Many commentators on climate change articles in this publication have abandoned hope that effective action on climate change will happen under an Abbott government. The only solution for those concerned about Australia’s unacceptable carbon footprint is to “kick this mob out”, as the Daily Telegraph famously beseeched voters to do to Labor at the last federal poll.
Were this to happen, Labor would need to turn its own climate policies around, and do much better than it did in the Rudd-Gillard years. The possibility of a different Senate mix and a rise in the green vote are other important contingencies that could break or worsen the mediocrity of the two-party monopoly over representative – but not deliberative – democracy in Australia.
But for now, what is clear is that the Abbott government is in a great deal of trouble. The first sign of this is when News Corp’s newsletter to the Australian political elite, The Australian, starts to editorialise against the government.
Last July, the national broadsheet rebuked Abbott for not “communing with his people”, and to lead rather than behaving “as if he were opposition leader”.
In the aftermath of the shocking first budget, I observed at the time that The Australian’s complaint seemed to be that:
Tony, we are happy to help you out, get you elected, manufacture a majority view around carbon and whatever else, but hey, you are making it difficult for us by turning on the electorate.
Last November, Abbott’s communication problem was pinpointed again:
Limply, the Prime Minister is losing the battle to define core issues and to explain to voters what he is doing and why. At stake is his political credibility, no less. Mr Abbott risks becoming a “oncer” if he allows his opponents to constantly control the agenda.
But in the same editorial, The Australian also pressures Abbott, and his chief of staff Peta Credlin, to be harder on economic reform, requiring an even greater effort to communicate such a position. The December editorial further condemned the centralisation of power within the Prime Minister’s Office.
Last Tuesday, The Australian asked whether Abbott is capable of learning from his mistakes. The answer will decide whether he will survive one term in office. Referring to Abbott’s near political death in February, “little has changed”, lamented the editorial:
The common thread is lousy judgment, a poor sense of political priorities, inept messaging via the media, and a tin ear for the concerns and reactions of the electorate.

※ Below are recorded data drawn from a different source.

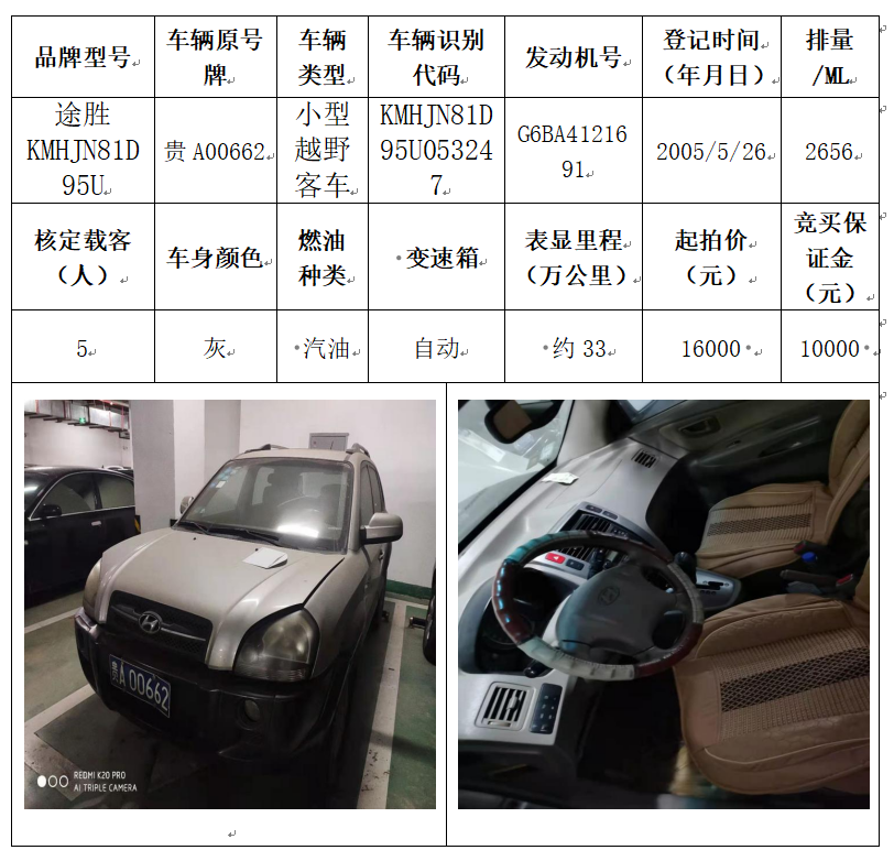 拍品編號(hào)5:途勝KMHJN81D95U小型越野客車一輛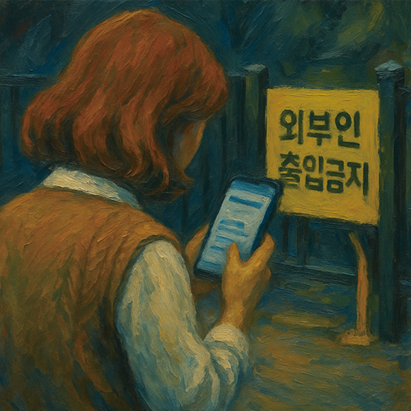 ‘외부인들이 자꾸 들어와서 시설물 부수는데 관리비는 우리가 내니 속 터져요’ 댓글은 이제 픽시자전거를 험하게 타고 다니는 ‘외부인’ 아이들과 놀이터에서 아이들을 노리는 ‘외부인’ 남자와 으슥한 곳에서 수상쩍은 행동을 하는 ‘외부인’ 청소년들 이야기로 빼곡했다. 나는 그만 보고 있던 화면을 껐다. 소통 게시판이지만 누구도 대화하지 않고 누구도 소통하지 않는 그곳에서, 편견으로 뒤덮인 기이한 혼잣말만 가득한 그곳에서 게시글 애초의 목적은 이미 사라진 뒤였다.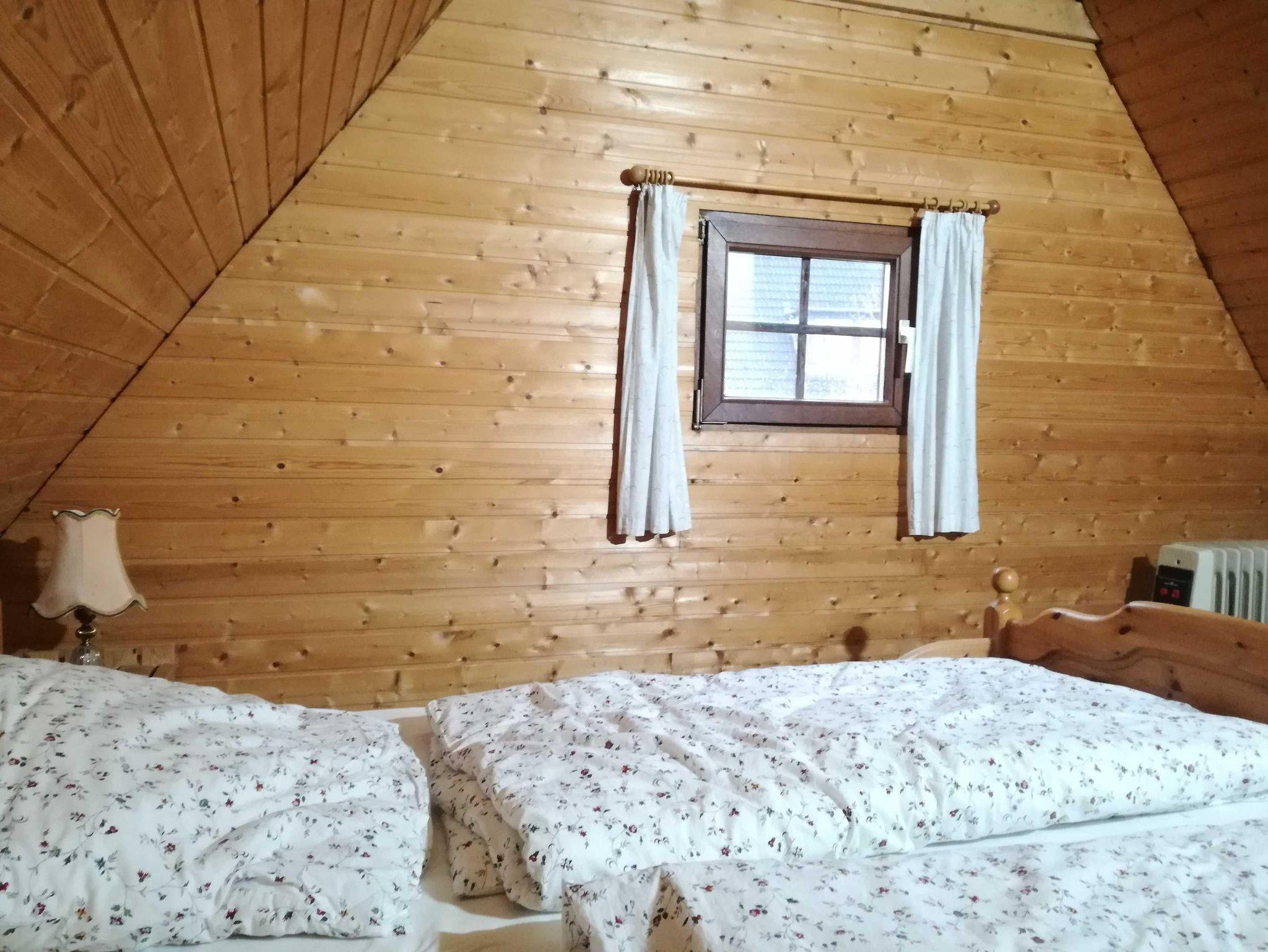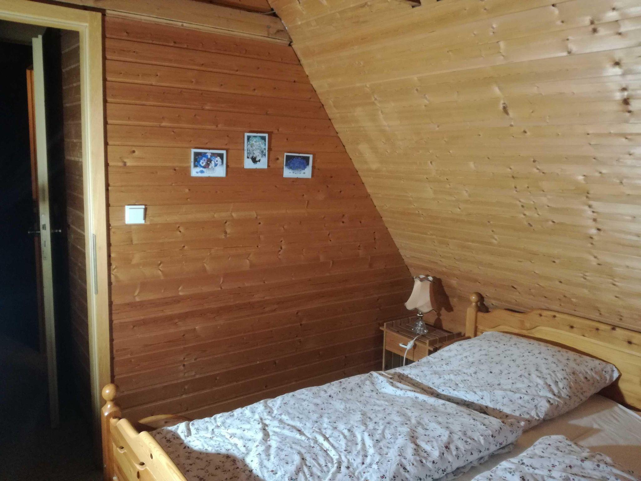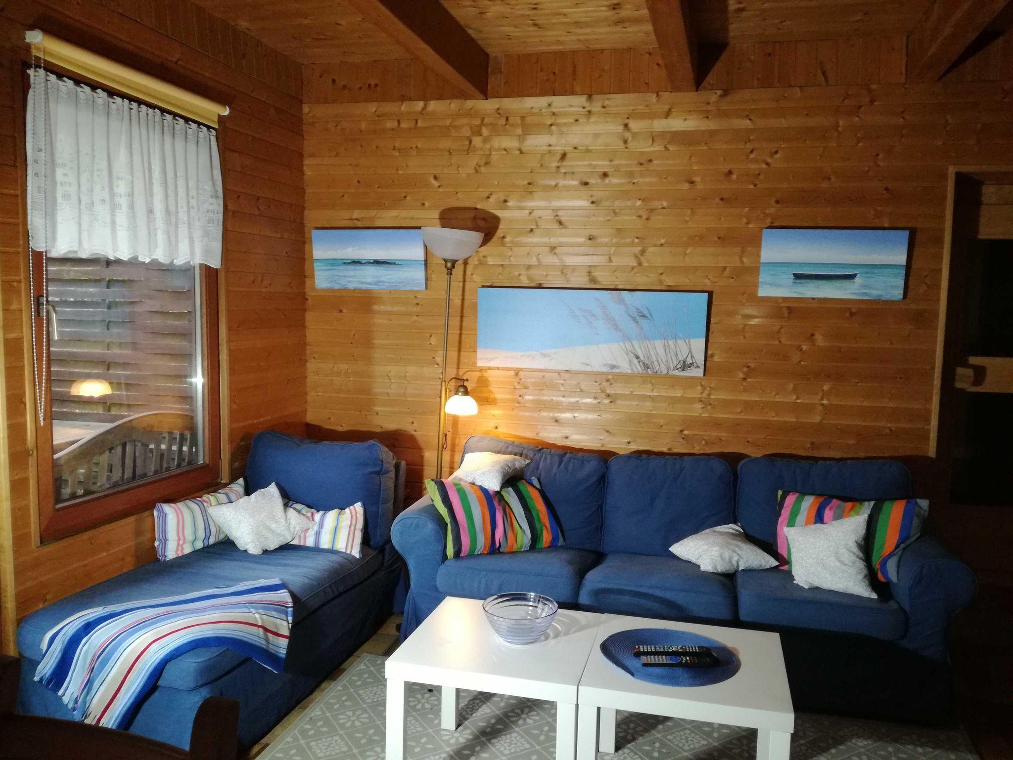 Das Ferienhaus ist für 2-4 Personen, 60 m² Wohnfläche, die Terrasse mit Grillkamin und Markiese ist nach Süden hin ausgerichtet. Im unteren Bereich befindet sich eine gemütliche Sitzecke mit Radio+ TV, W-LAN Zugang, eine Küchenzeile (Ceranfeld, Heißluftmikrowelle, Kaffeemaschiene, Toaster, Wasserkocher), mit Essecke.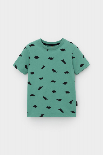 Трикотажная футболка для мальчика из натурального хлопка. У изделия короткие втачные рукава, удлинённая спинка и небольшие разрезы в боковых швах. Оригинальная набивка выполнена из стойких текстильных гипоаллергенных красителей. Футболка сохраняет цвет и форму после многократных стирок.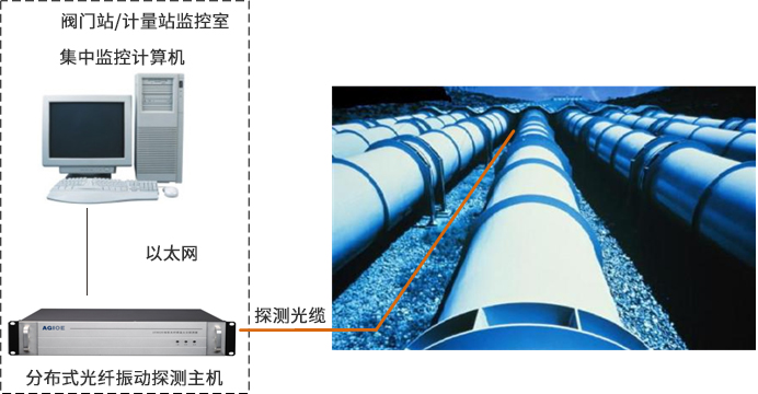 光格油氣管道防盜防外破監測系統由分布式光纖振動(dòng)探測主機及相應的探測光纜組成,對管道的周邊擾動(dòng)信號進(jìn)行連續線(xiàn)型實(shí)時(shí)在線(xiàn)監測,從而監測管道是否有破壞活動(dòng)發(fā)生。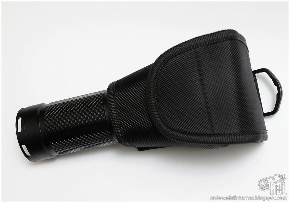 La funda es bastante básica, pero efectiva. El lugar de alojar completamente la linterna, solo abarca la parte más voluminosa de esta, protegiendo las zonas críticas como la lente o el anillo de control magnético, pero manteniendo un acceso rápido al pulsador trasero y facilitando mucho su extracción.

While The Australian is urging the Abbott government to keep up an IPA-style agenda, Abbott himself does not seem to be able to cope with having centralised power to his own office. He is falling out with News Corp for not being hardline enough on economic reform, fallen out with his own ministry for branch stacking partyroom meetings by bringing in National Party votes, and the polls are slipping away from him by the week.
Many political analysts are seeing Abbott as being “out of time” and a spent force. He has so alienated the electorate on such a vast front of issues, and now his fellow ministers over his trickery on same-sex marriage. And all this comes amid the reboot of “good government”.
The Dyson Heydon affair has virtually neutralised the credibility of the royal commission into trade unions, whose terms of reference were to look at the labour movement, not the Labor Party.
It is no small irony that the man in whose honour Heydon was to speak at a Liberal Party function, Sir Garfield Barwick, was the legal oracle who advised then-governor-general John Kerr how to dismiss the Whitlam government.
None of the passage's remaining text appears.